Rossie David Alston Jr. (born May 31, 1957) is a United States district judge of the United States District Court for the Eastern District of Virginia. He was formerly a Judge of the Court of Appeals of Virginia after having previously been a judge in the Prince William County Circuit Court and the Prince William County Juvenile and Domestic Relations District Court.

Biography 

Alston graduated from Averett University in 1979 and obtained his J.D. degree from the North Carolina Central University School of Law in 1982.  He began his career as a staff attorney for the National Labor Relations Board, a post he held for two years before going into private practice. He was elected by the Virginia General Assembly to be a judge of the Juvenile and Domestic Relations District Court for the 31st Judicial District, encompassing Prince William County, in 1998. He was elected to the Prince William County Circuit Court in 2001. While on the circuit court, he presided over the case of John Allen Muhammad, the mastermind of the D.C. sniper attacks, which brought him national attention. He was selected by his colleagues to be Chief Judge of the circuit court in 2007, when that position became vacant upon the elevation of LeRoy F. Millette Jr. to the Court of Appeals.  Alston was elevated to the Virginia Court of Appeals in 2009 to fill the vacancy created upon the retirement of Jean Harrison Clements.

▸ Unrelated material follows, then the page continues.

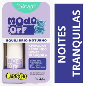 c mix de oleos essencias modo off equilibrio noturno 3,5g therapi capricho Descanso profundo, mente tranquila. Chega a noite e sua cabeça ainda tá a mil Modo off é o toque de calma que ajuda a desacelerar e se desligar do mundo. Feito com ingredientes naturais, ele ajuda a trazer equilíbrio e bem-estar quando o dia acaba, preparando sua mente e seu corpo pro descanso que você merece. Porque dormir bem também é parte do seu glow. ========== Composição português : triglicerídeo caprílico/cáprico, cera de abelha sintética, cera de carnaúba sintética, óleo de soja, óleo de coco, cera microcristalina, de cacau, óleo essencial de laranja doce, óleo essencial de bergamota, óleo essencial de lavanda, de karité, óleo de amêndoa doce, fenoxietanol, caprililglicol, bht, citral, d-limoneno, linalol. ========== Modo de uso: aplique o produto nas áreas desejadas, como pulsos e pescoço, massageando o local com a ponta dos dedos. ========== Anvisa: 25351.091698/2025-71

Alston was known to be tough on violent criminals and those he thought had squandered second chances. He is quoted as saying "If you deserve the hammer, you're getting the hammer." But Alston also has a history of being compassionate, with one example involving a case in which a man whose 21-month-old child died in a sweltering van. The jury recommended a one-year prison sentence, however Alston instead ordered the father to spend a day in jail for seven years on the anniversary of his daughter's death and run an annual blood drive in her name.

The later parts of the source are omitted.